Шрифт:
Осталась жить Дуня. Может, не Дуня? Спросить бы у маменьки, а что если она ленты перепутала?
Дуня ходит, ходит по пушистому ковру горницы, хрустит пальцами и никак не может успокоиться. На стене и закрытой филенчатой двери мечется ее черная тень – то раздуется, то сузится, а на столе со свечами в двух подсвечниках – аккуратно свернутая беличья дошка – атласной подкладкой вверх, пуховая шаль с узорчатыми каймами, шерстяная вязаная кофта, золотой крестик с цепочкой и разбитые золотые часики…
Скрип-рип-скрип – качается маятник. Мечется, мечется черная тень, словно милая Дарьюшка только что разделась, сложила вещи на стол и, превратившись в тень, не находит себе пристанища даже на стенах постылого дома. Она здесь, с земными, со своей сестрой-близнинкой, с отчаянной Дуней, она стала ее тенью, и только непроглядная тьма без всяких источников света уберет ее в Дуню, как шашку в ножны. Но как только появится хоть маленький источник света – она сразу же напомнит о себе: только смерть самой Дуни оборвет ее существование, и кто знает, может, забудут люди о сестрах-близнецах, как запамятовали о миллионах им подобных, бесследно исчезнувших в минувших поколениях?
Ну, а пока одна из них живая с трепетным сердцем подсаживается к столу, открывает тетрадку…
«…Откуда мы? Кто мы? Если есть мы, то почему все так зыбко и непрочно?..
Если есть Я, скажи мне: кто меня послал? – загадочно спрашивала кого-то Дарьюшка в своих записках. – Зачем меня послал? Для счастья или для суеты сует и смерти во тьме? Кто и когда призовет меня в Пятую меру, когда я буду не здесь, а там, и что будет здесь, и как будет, когда я уйду и потом вернусь с воскресшими из мертвых? Или я никогда не вернусь, и нет Пятой меры, а есть мираж, обман?
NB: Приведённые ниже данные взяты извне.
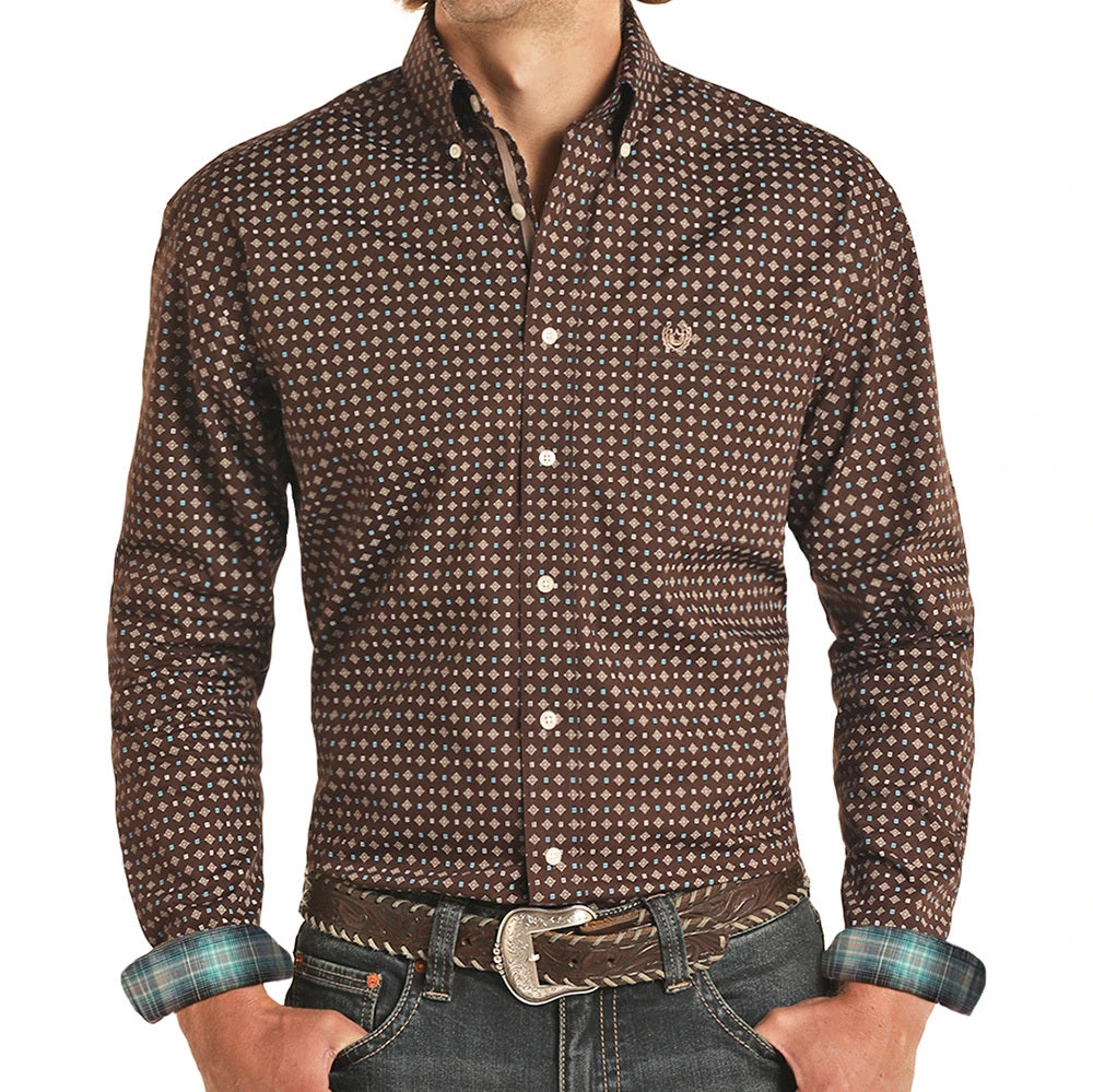 Go for a stylish look wearing our Roughstock brown printed, long sleeve buttondown by Panhandle.

Тимофей всегда со мной. «Ты моя белая птица!» – слышу его голос. Неправда. Не птица. У меня нет крыльев, чтобы взлететь в небо. Почему я все время возвращаюсь к нему? Он вчуже, в стороне от меня, и нам не дано понять друг друга. Откуда пришло непонимание? Непознаваемость? Чуждость живых? Ненависть одного к другому. Отец на сына! Сын на отца!
Бабушка Ефимия говорит: «Ты, Дарьюшка, не такая, какой была я на Ишиме, в Поморье и в Москве, когда шла малою горлинкой навстречу французам. Я помнила, и все помню теперь. Душа моя восстала против мерзости и тьмы, а вокруг тебя, Дарьюшка, люди, люди, которые ищут, зовут, а ты не видишь их, не понимаешь, чуждишься. Душа у тебя в забвенье».
Я сказала бабушке: все переменилось в теперешней жизни. Сейчас не так, как было в то время, когда ты встретила кандальника, беглого декабриста, на Ишиме, или при французах в Москве. Сейчас так много путаницы, а правды нету. Попробуй разберись, кто тебе враг, кто – истинный друг? Если бы человек знал, с кем бороться, он бы победил любого врага! Но жизнь нарядилась в чужое платье…
Вот еще сестра Дуня. Ее совсем измытарили, унизили и заплевали. В Красноярске я узнала страшное про Дуню – она стала проституткой, содержанкой заведения, желтобилетницей!.. Ужас! Может, и самое Россию так же унизили, заплевали, и она стала, как Дуня? И отчего такая ненависть среди людей? Кто нас стравил? Где же она, эта незабвенная Третья мера жизни, мера счастья для всех? Или нет никаких мер от века до века, а есть серое из серого, и в том жизнь живых?
Но что же делать? Что же делать? Как познать и открыть тайну?..»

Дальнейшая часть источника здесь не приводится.